Research Interest Demo

Update: just join our discord!

I have created a discord server for people interested in collaborating with the lab. Email me for an invite!

Original post

Hello! It is great to hear that you are interested in doing research :). I love doing research and mentoring people when I have the time. Time and effort are precious limited resources both for mentors and mentees, and I want to respect that for both of us. In order to gauge our fit I ask that you do a “demonstration of interest,” i.e., a small demo project/writeup.

An interest demo might consist of:

A high-level project proposal that outlines the what, how, and why.
A hypothesis, goal, mathematical idea that could help us better understand some aspect of language or language modeling
The results for an initial experiment, with an interpretation and ideas for next steps.

The point of the demo is to show me that you are able to carry out a mostly-independent research project, so I will look for evidence that you have the time, commitment, and required skills to think about interesting problems and hypotheses and engineer experiments to test them. Of course you may have not done research before, so feel free to reach out to me with incomplete demos to get feedback on what might be interesting or worthwhile. Once you have a complete demo, I would be happy to meet to discuss how to move forward. I will do my best to provide guidance as best I can.

Research ideas

Some interesting questions, directions, and project kernels. I will add and revise this list periodically. You do not need to choose a topic from this list, but hopefully this can help give you some ideas. You can also look for inspiration among my posts.

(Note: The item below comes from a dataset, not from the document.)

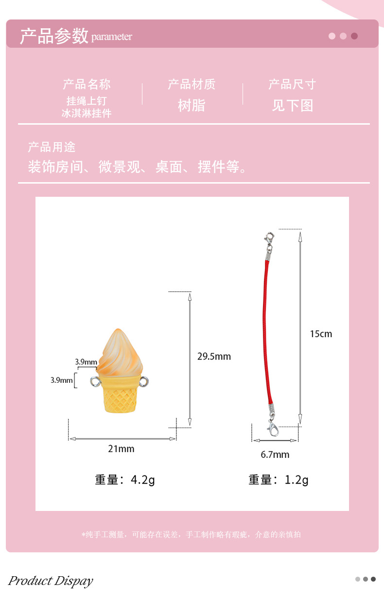 시뮬레이션 된 음식 수지 액세서리 끈 아이스크림 DIY 인형 액세서리 놀이 집 키 체인 인형 기계 액세서리

Pretraining data detection

There are existing methods for identifying which data a language model has been trained on. Is it possible to provide guarantees on the accuracy of such methods? Can we come up with new, more effective methods? Can the softmax bottleneck provide any leverage for this?

Evaluating decoding in language models

How can we reliably tell which sampling method is better (e.g., top-k, top-p) for a language model on a task? Is there a mathematically justified way to accurately compare these methods in a fair way? One ideas I have thrown around is an adversarial setting where each decoding method must sample from the set difference of the two methods. However, I’m not sure if this is a fair comparison.

Error allocation for language models

When a language model suffers from a “softmax bottleneck”, how do they allocate errors? Is there a way to mathematically characterize which tokens will have larger errors than others? My paper “Closing the Curious Case of Neural Text Degeneration” deals with some of these questions, but some of the mathematical ideas could be further developed.

For instance, during the project I thought I might be able to show that SM bottleneck causes log-prob underestimation errors that are not arbitrarily close to 0, but I never got to figuring out if it could be done. I also hypothesize that models will have much larger absolute probability errors on high-probability tokens, but larger absolute log-probability errors on low-probability tokens, but I have not worked out any formal mathematical justification. Lastly, I wonder if models are more likely to underestimate high-probability tokens and overestimate low-probability tokens.

Language model embeddings

How do language models choose their embeddings? Some preliminary experiments suggest that embeddings tend to reside near the surface of a small-radius hypersphere. How could this geometric phenomenon be used to our advantage?

Can the particular choice of embeddings and their linear dependencies be used to identify text generated by a language model with guaranteed accuracy?